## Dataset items
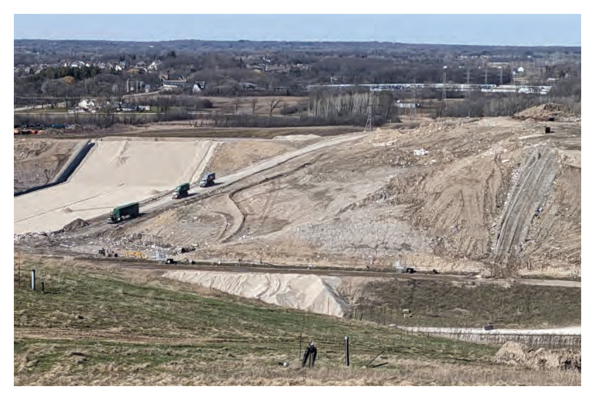
Access to new cell around Phases 1 & 2; receiving fluff layer
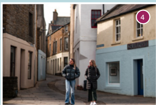
Stromness – Picturesque port for MV Hamnavoe.
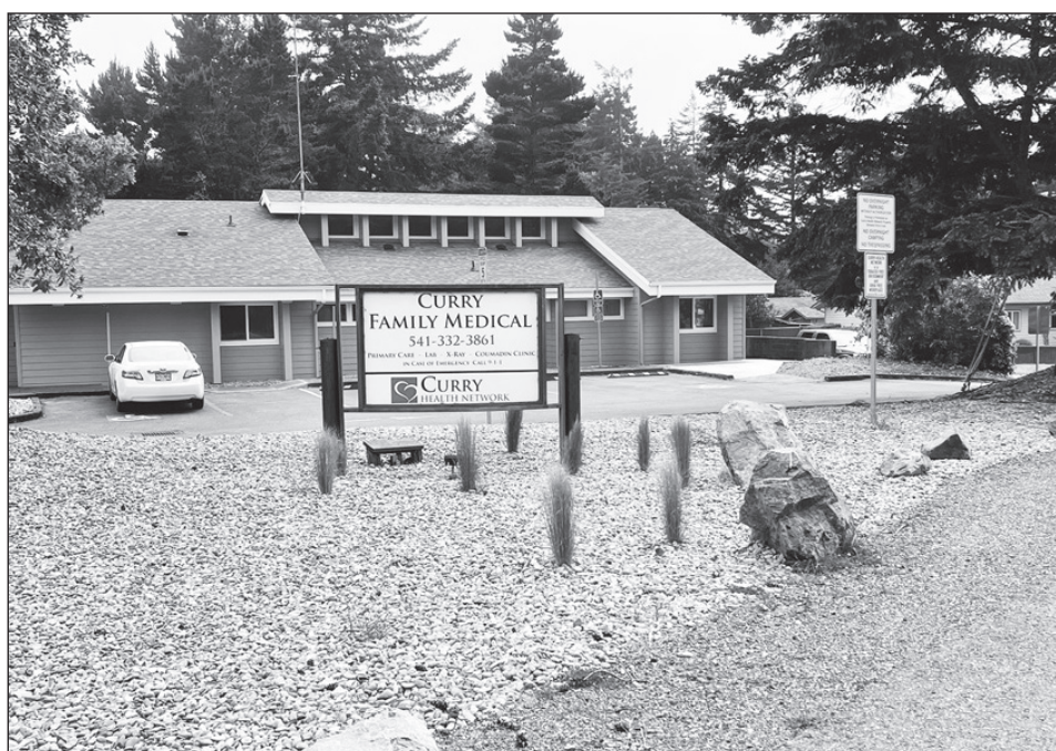
Curry Family Medical in Port Orford has a new look after renovations at the facility were completed.

in our area, and making the necessary updates that more easily and conveniently accommodate the people we serve is part of that investment. “Each patient is our most important patient, and we want to do everything we can to make sure their experience is as safe, simple and comfortable as possible.” The upgrades to the Curry Family Medical building began in June of 2021 and were completed in less than a year; the facility was originally built in 1985. “Due to a variety of factors, the building’s interior and exterior had deteriorated over the years,” said Neet. “Now, many of the changes are obvious: You notice the new landscape and sign when driving up to the clinic; there’s a new front door, windows and siding. Inside, everything’s been updated, from the colors to the materials.” Overall, the clinic’s new look was designed to have a more soothing, coast-
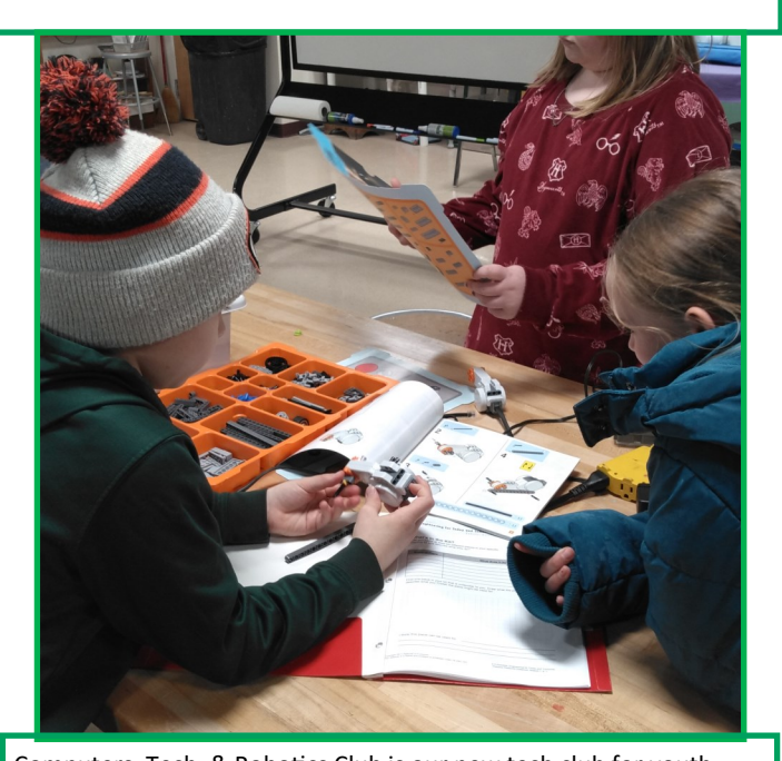
Computers, Tech, & Robotics Club is our new tech club for youth ages 8-12. This year they worked with computer programing, simple robotics, and other STEM challenges. With 12 active youth participating in this club, they had a lot of fun and look forward to next year.
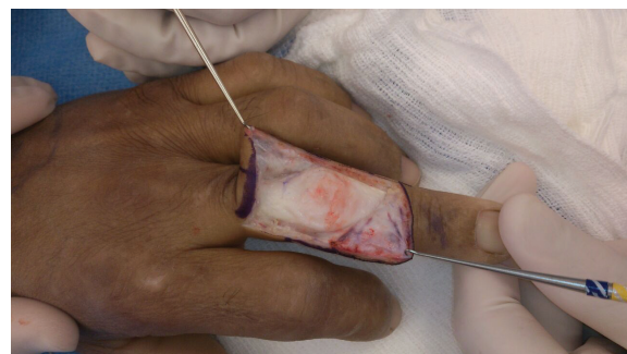
Fig. 3: The flaps are raised and reflected.
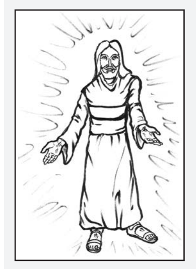
The Person Daniel sees in Daniel 10:5, 6 wears gold the same as a king. He is as bright as lightning, fire, and brass. He is a priest, a king, and an army leader.

Read Joshua 5:13–15 and Revelation 1:12–18. How is the picture of the Son of God in Joshua and in Revelation the same as the picture of God in Daniel 10?
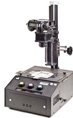
Figure 7 Beseler Dual Mode Slide Duplicator

For 35mm, the fastest configuration we found was by use of a system where the film stage – made from a Nikon PS-5 slide copy adapter - was affixed to an adjustable rail arrangement (Figure 6). Lighting was provided by means of a softbox attached to an electronic flash.

## Task brief
Reproduce each line of the entries in which the word "from" is found.

## Answer for the task
in our area, and making the necessary updates that more easily and conveniently accommodate the people we serve is part of that investment. “Each patient is our most important patient, and we want to do everything we can to make sure their experience is as safe, simple and comfortable as possible.” The upgrades to the Curry Family Medical building began in June of 2021 and were completed in less than a year; the facility was originally built in 1985. “Due to a variety of factors, the building’s interior and exterior had deteriorated over the years,” said Neet. “Now, many of the changes are obvious: You notice the new landscape and sign when driving up to the clinic; there’s a new front door, windows and siding. Inside, everything’s been updated, from the colors to the materials.” Overall, the clinic’s new look was designed to have a more soothing, coast-
For 35mm, the fastest configuration we found was by use of a system where the film stage – made from a Nikon PS-5 slide copy adapter - was affixed to an adjustable rail arrangement (Figure 6). Lighting was provided by means of a softbox attached to an electronic flash.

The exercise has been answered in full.